Task brief: In the material below, find the line containing "16. Insert a" and the line containing "恩創(chuàng)精密壓鑄". Output those two lines and all lines between them exactly, without pictures.

Available data:
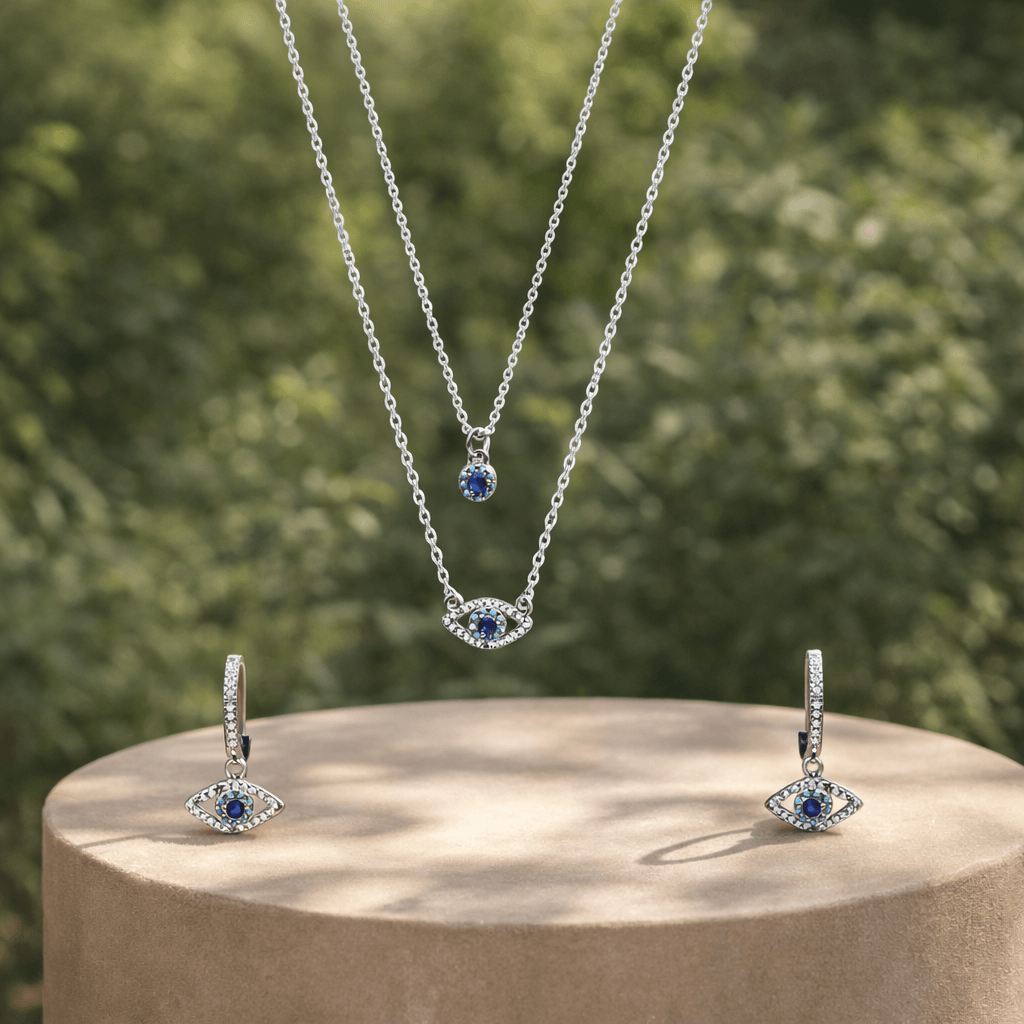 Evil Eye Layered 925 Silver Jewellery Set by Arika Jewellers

* * *

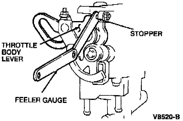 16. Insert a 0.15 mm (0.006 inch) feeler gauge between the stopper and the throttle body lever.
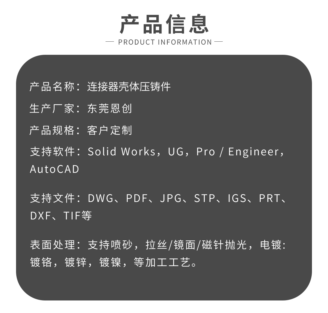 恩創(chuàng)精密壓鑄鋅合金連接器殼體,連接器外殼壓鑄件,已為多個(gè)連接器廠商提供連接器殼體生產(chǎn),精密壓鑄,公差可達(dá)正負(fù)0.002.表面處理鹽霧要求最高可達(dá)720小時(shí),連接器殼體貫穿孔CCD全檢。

--

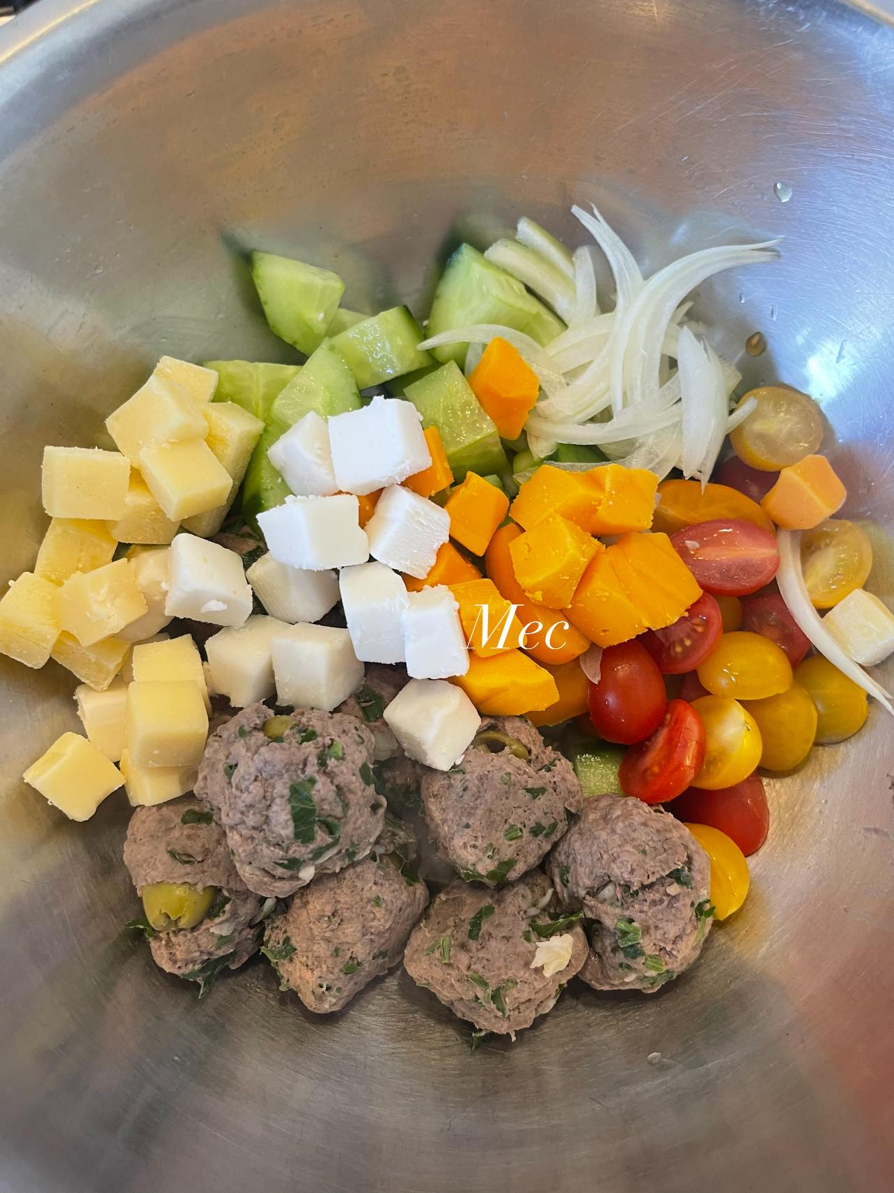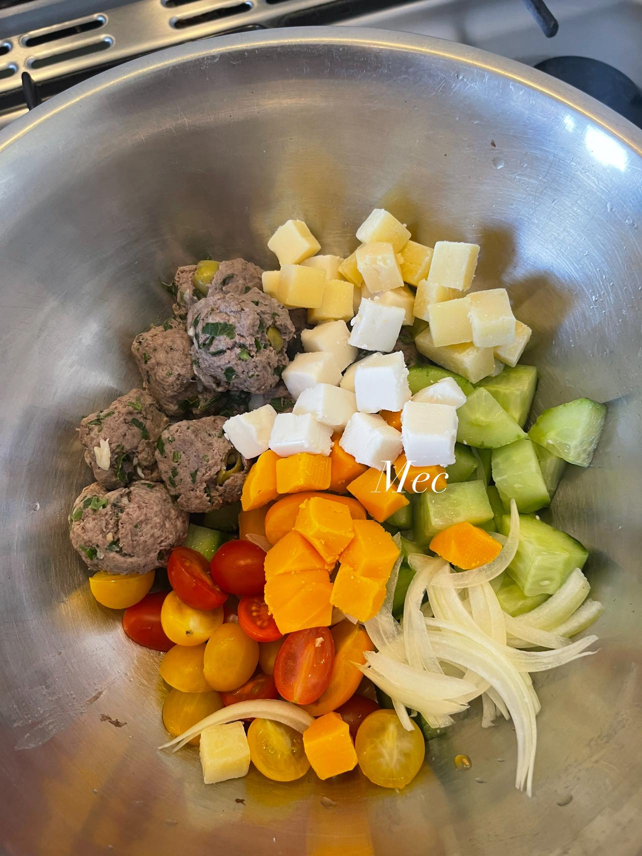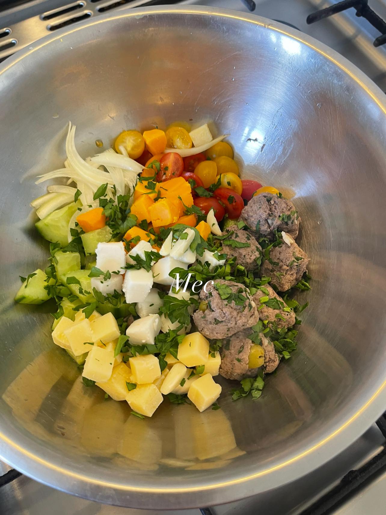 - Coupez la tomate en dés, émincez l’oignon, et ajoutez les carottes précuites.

Finished exercise:
 16. Insert a 0.15 mm (0.006 inch) feeler gauge between the stopper and the throttle body lever.
 恩創(chuàng)精密壓鑄鋅合金連接器殼體,連接器外殼壓鑄件,已為多個(gè)連接器廠商提供連接器殼體生產(chǎn),精密壓鑄,公差可達(dá)正負(fù)0.002.表面處理鹽霧要求最高可達(dá)720小時(shí),連接器殼體貫穿孔CCD全檢。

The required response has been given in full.